■ WORK ORDER ■
Every record below must be written out exactly. Leave out the pictures.

(Records drawn from a dataset)
BEGIN

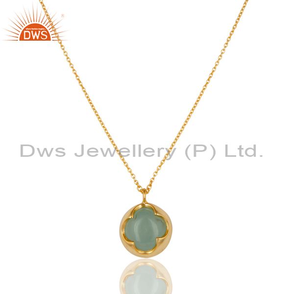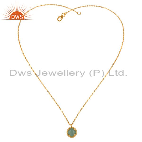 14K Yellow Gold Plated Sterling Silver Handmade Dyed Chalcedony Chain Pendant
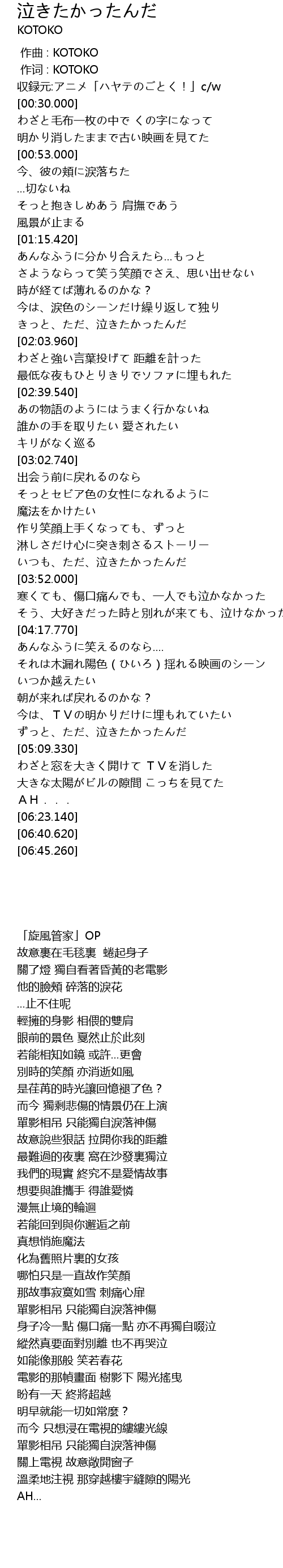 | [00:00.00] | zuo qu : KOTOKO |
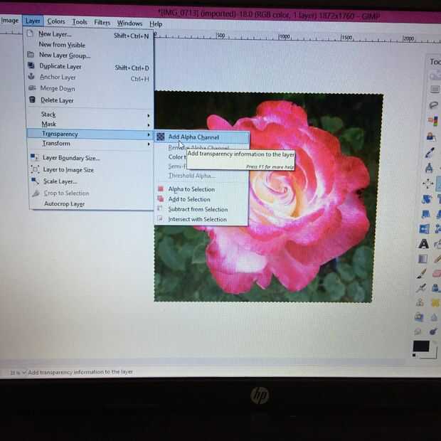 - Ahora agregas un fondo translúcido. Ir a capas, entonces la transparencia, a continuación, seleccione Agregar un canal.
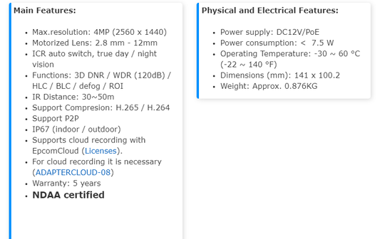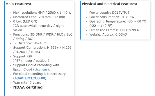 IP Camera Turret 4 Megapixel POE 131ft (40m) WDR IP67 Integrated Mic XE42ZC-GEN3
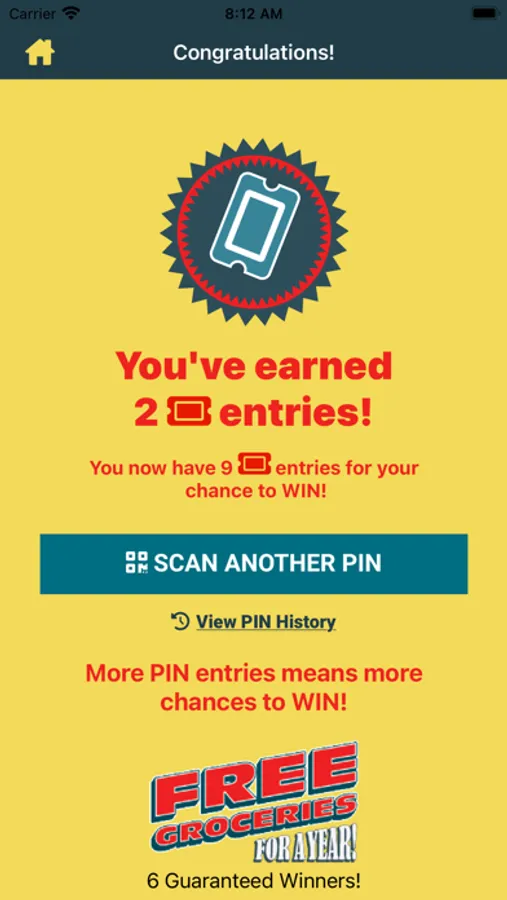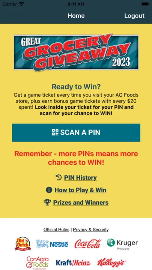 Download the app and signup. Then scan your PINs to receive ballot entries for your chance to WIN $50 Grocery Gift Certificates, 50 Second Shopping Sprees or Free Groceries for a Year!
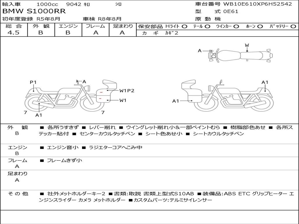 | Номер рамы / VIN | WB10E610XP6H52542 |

END

■ OUTPUT BELOW ■
 14K Yellow Gold Plated Sterling Silver Handmade Dyed Chalcedony Chain Pendant
 | [00:00.00] | zuo qu : KOTOKO |
 - Ahora agregas un fondo translúcido. Ir a capas, entonces la transparencia, a continuación, seleccione Agregar un canal.
 IP Camera Turret 4 Megapixel POE 131ft (40m) WDR IP67 Integrated Mic XE42ZC-GEN3
 Download the app and signup. Then scan your PINs to receive ballot entries for your chance to WIN $50 Grocery Gift Certificates, 50 Second Shopping Sprees or Free Groceries for a Year!
 | Номер рамы / VIN | WB10E610XP6H52542 |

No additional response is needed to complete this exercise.